> Your task: Retype the opening lines of the listing below, ending with the line that contains "Hähnchen waschen, und", and leave out any pictures.

> Dataset content:

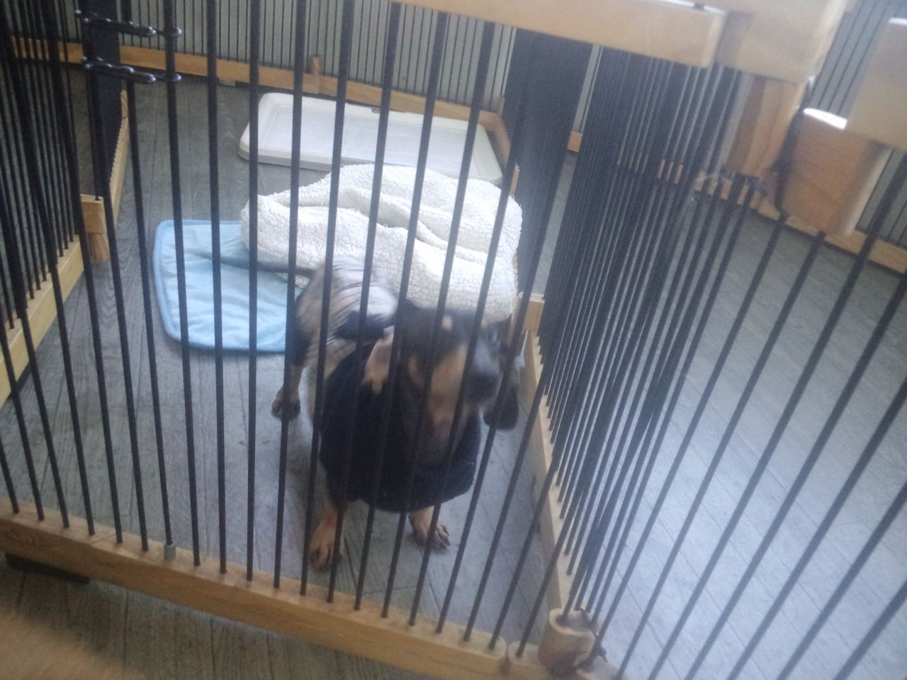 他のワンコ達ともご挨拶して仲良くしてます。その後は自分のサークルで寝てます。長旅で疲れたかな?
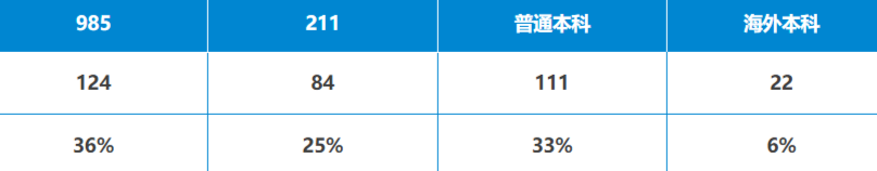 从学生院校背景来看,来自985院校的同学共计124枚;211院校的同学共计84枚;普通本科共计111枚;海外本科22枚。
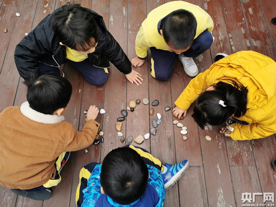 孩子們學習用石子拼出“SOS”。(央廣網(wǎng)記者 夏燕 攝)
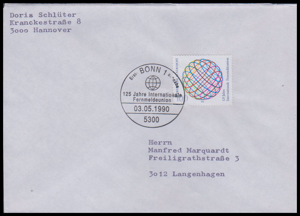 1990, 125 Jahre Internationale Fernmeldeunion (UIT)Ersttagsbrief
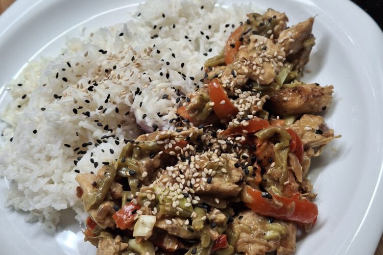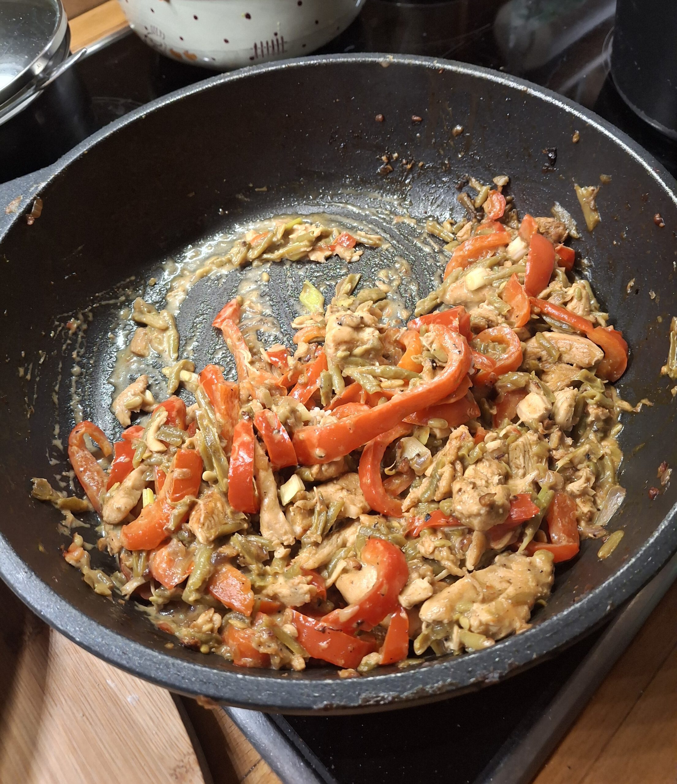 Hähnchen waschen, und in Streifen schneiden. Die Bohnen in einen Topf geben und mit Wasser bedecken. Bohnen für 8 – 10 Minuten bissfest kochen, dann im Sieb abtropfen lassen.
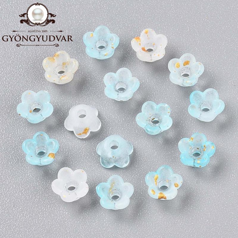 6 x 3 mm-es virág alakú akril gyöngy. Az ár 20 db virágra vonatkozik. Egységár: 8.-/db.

> Task answer:
 他のワンコ達ともご挨拶して仲良くしてます。その後は自分のサークルで寝てます。長旅で疲れたかな?
 从学生院校背景来看,来自985院校的同学共计124枚;211院校的同学共计84枚;普通本科共计111枚;海外本科22枚。
 孩子們學習用石子拼出“SOS”。(央廣網(wǎng)記者 夏燕 攝)
 1990, 125 Jahre Internationale Fernmeldeunion (UIT)Ersttagsbrief
 Hähnchen waschen, und in Streifen schneiden. Die Bohnen in einen Topf geben und mit Wasser bedecken. Bohnen für 8 – 10 Minuten bissfest kochen, dann im Sieb abtropfen lassen.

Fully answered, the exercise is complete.